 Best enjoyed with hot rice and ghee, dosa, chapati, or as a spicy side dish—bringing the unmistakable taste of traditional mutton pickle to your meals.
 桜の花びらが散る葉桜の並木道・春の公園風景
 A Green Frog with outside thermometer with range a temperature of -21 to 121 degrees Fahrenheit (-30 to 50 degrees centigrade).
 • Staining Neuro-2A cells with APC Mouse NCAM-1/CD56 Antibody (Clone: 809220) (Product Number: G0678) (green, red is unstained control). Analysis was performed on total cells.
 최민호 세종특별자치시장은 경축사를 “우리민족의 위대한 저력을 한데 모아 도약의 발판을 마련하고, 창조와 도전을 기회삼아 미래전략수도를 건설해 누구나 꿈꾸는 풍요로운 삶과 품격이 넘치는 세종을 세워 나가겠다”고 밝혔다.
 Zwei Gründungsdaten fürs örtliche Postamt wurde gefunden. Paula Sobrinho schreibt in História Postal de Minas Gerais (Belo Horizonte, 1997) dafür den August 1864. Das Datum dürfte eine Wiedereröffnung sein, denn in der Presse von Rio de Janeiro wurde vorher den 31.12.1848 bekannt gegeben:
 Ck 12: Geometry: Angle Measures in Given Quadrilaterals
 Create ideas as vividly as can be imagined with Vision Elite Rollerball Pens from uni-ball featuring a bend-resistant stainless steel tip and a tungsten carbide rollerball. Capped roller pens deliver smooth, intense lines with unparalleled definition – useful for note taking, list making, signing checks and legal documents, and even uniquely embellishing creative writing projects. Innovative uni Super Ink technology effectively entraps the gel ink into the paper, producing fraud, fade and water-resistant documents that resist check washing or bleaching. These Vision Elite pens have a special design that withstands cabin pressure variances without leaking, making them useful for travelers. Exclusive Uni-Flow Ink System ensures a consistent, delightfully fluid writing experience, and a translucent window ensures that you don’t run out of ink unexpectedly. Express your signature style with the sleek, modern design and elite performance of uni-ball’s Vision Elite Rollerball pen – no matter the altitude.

==

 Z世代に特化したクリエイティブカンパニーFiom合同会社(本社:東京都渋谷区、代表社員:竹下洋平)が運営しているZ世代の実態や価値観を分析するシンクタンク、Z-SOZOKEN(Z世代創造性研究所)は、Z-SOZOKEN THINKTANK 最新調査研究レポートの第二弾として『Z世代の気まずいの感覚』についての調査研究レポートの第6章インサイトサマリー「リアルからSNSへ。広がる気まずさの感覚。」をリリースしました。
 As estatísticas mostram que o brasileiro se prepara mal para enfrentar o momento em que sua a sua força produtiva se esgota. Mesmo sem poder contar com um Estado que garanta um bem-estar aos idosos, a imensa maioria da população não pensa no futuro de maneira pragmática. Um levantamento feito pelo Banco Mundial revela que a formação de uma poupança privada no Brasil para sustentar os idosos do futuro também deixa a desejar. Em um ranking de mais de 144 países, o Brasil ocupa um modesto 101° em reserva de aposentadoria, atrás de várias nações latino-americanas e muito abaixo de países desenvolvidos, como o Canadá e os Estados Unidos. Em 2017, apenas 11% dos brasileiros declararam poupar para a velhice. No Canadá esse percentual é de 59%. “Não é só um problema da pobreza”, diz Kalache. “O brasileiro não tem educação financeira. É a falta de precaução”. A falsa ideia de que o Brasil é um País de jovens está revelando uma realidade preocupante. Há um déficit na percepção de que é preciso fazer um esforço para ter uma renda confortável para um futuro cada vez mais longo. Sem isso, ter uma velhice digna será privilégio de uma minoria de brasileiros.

---

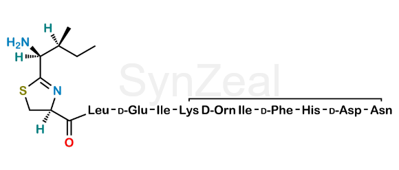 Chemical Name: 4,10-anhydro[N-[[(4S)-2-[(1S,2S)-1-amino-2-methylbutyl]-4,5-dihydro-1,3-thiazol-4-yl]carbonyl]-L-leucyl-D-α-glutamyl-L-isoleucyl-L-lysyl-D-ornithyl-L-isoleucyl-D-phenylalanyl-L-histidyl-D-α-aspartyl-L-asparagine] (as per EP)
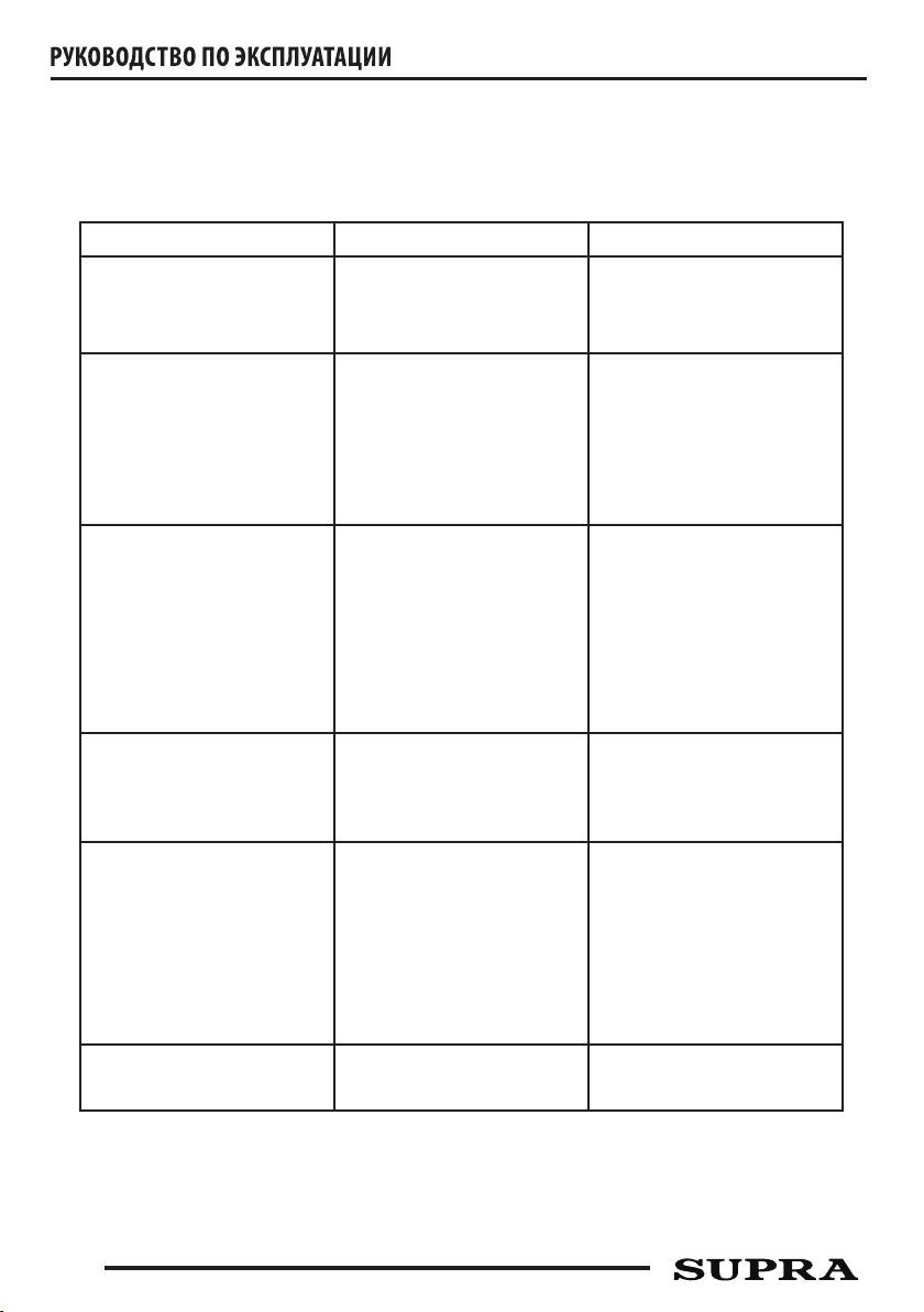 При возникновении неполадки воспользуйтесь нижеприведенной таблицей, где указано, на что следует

§ The problem
Copy range, inclusive: the line holding "A Green Frog" to the line holding "최민호 세종특별자치시장은 경축사를". Reproduce exactly those lines of the records above and no others.

§ Exercise solution
 A Green Frog with outside thermometer with range a temperature of -21 to 121 degrees Fahrenheit (-30 to 50 degrees centigrade).
 • Staining Neuro-2A cells with APC Mouse NCAM-1/CD56 Antibody (Clone: 809220) (Product Number: G0678) (green, red is unstained control). Analysis was performed on total cells.
 최민호 세종특별자치시장은 경축사를 “우리민족의 위대한 저력을 한데 모아 도약의 발판을 마련하고, 창조와 도전을 기회삼아 미래전략수도를 건설해 누구나 꿈꾸는 풍요로운 삶과 품격이 넘치는 세종을 세워 나가겠다”고 밝혔다.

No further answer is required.